[Aim of the exercise]
Once you reach the line containing "La settimana dal" in the entries below, write out that line and each one after it down to the line containing "全黑橱柜配奶白花砖,复古又耐脏;台面选浅米色石英石,和墙面花砖呼应不跳", exactly and with nothing added.

[Material to process]

* * * * * * *

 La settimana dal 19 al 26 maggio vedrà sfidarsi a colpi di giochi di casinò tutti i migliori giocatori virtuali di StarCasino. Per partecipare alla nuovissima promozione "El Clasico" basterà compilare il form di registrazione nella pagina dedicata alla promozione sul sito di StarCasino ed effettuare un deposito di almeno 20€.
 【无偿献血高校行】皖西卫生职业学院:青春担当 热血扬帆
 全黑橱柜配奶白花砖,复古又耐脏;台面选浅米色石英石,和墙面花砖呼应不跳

* * * * * * *

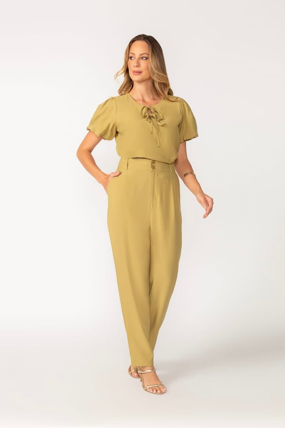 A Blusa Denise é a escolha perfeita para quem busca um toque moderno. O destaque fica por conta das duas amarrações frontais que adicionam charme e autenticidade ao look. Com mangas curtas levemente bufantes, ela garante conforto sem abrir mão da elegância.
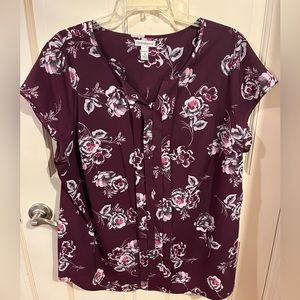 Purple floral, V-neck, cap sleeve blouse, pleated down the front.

* * * * * * *

[Answer space]
 La settimana dal 19 al 26 maggio vedrà sfidarsi a colpi di giochi di casinò tutti i migliori giocatori virtuali di StarCasino. Per partecipare alla nuovissima promozione "El Clasico" basterà compilare il form di registrazione nella pagina dedicata alla promozione sul sito di StarCasino ed effettuare un deposito di almeno 20€.
 【无偿献血高校行】皖西卫生职业学院:青春担当 热血扬帆
 全黑橱柜配奶白花砖,复古又耐脏;台面选浅米色石英石,和墙面花砖呼应不跳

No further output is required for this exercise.